The law as to who can be prosecuted for *acts of another*, or for the *acts of a group*, is described by: accessory, aid and abet, counsel and procure, acting in concert, common purpose, extended common purpose and joint criminal enterprise.
- **Aid:** The ordinary meaning of aid is to give help support or assistance to.
- **Abet:** A common dictionary meaning of abetting is encouraging or countenancing, and this is to be remembered when the words aiding or abetting alone are used. To incite, instigate or encourage.
- **Counsel:** To advise, urge the doing or adoption of something; or to recommend a plan.
- **Procure:** To procure means to produce by endeavour a thing by setting out to see that it happens and taking the appropriate steps to produce that happening.

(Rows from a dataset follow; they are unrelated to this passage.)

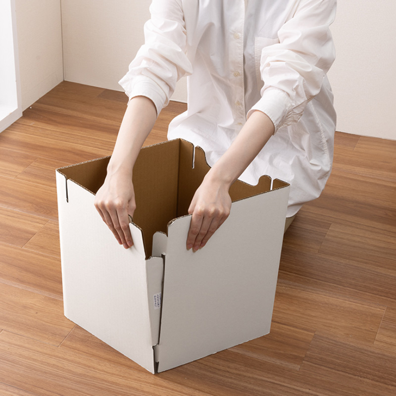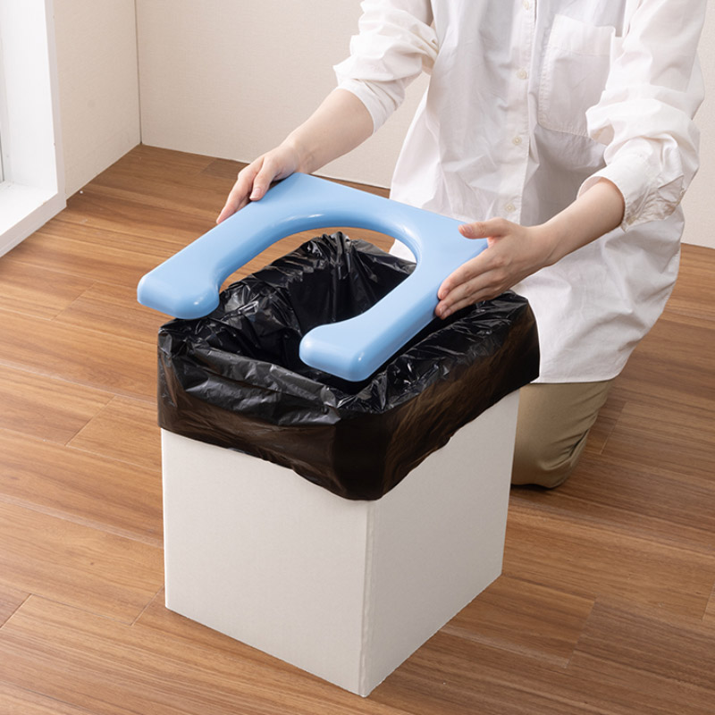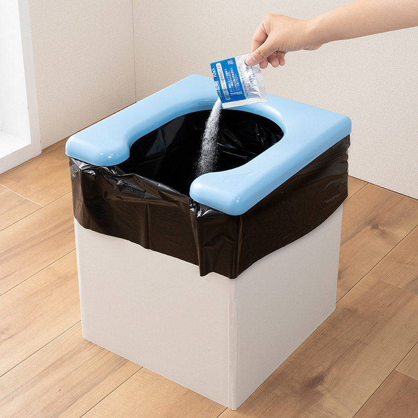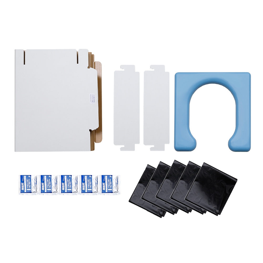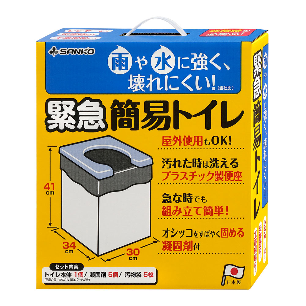 災害時に備えておく簡易トイレ。本体を開いて、補強パーツを差し込み、便座をのせるだけで簡単に組み立てできます。耐荷重約120kgの頑丈な構造で、耐水ダンボールを使用しているので、雨や水に強く、屋外使用もできます。組み立て時の高さが41cmあるので男性でも使いやすいサイズです。●耐水ダンボールを使用していますので、雨や水に強く壊れにくくなっています。(当社比)●折りたためますので持ち運びに便利です。(外装箱を収納箱として使用できます。)●男性でも使用しやすいU型便座です。●約120kgの体重まで支えることができます。●室内でポータブルトイレとしても使用できます。●本体は軽くて丈夫な紙なので非常時も持ち運びしやすいです。●凝固剤、汚物袋は5回分をセット。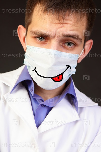Портрет врача в марлевой маске с нарисованным языком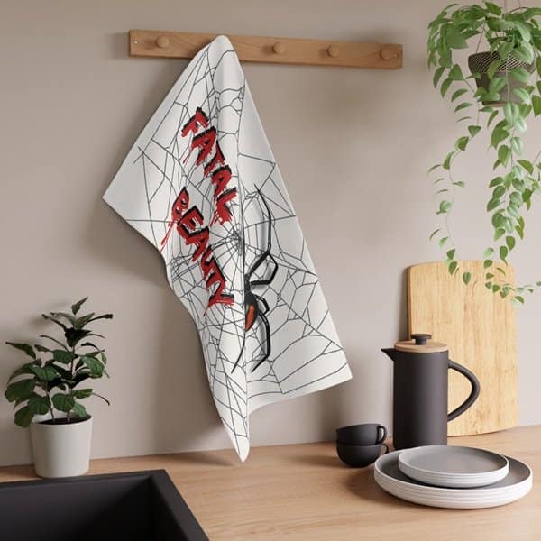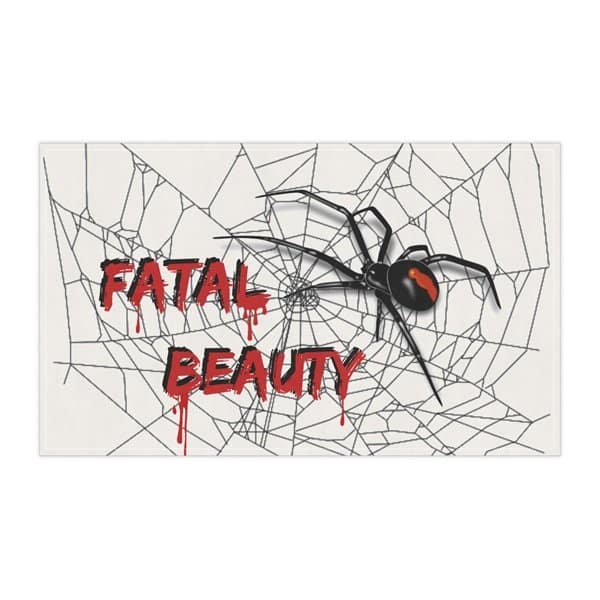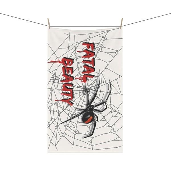 Bring a touch of captivating danger to your bathroom or kitchen with our Fatal Beauty Hand Towel. Featuring a striking black widow spider artwork paired with the bold Fatal Beauty phrase, this soft and absorbent towel adds a touch of gothic elegance to your everyday hand drying.

- *Presence* does not necessarily mean immediate physical presence (Likiardopoulos [2010] VSCA 344)
- But presence alone is insufficient to prove complicity.
- R v Clarkson [1971] 1 WLR 1402; It is not enough then that the presence of the accused person has in fact, given encouragement. It must be proved that he intended to give encouragement; that he wilfully encouraged.
- R v Johnson [2007] QCA 76: That passage emphasise three things:
- That proof of mere presence at the scene of the offence will not suffice; and
- That the prosecution must establish that the intention behind the presence is to encourage; and
- That the prosecution must establish that the effect of the presence is to encourage.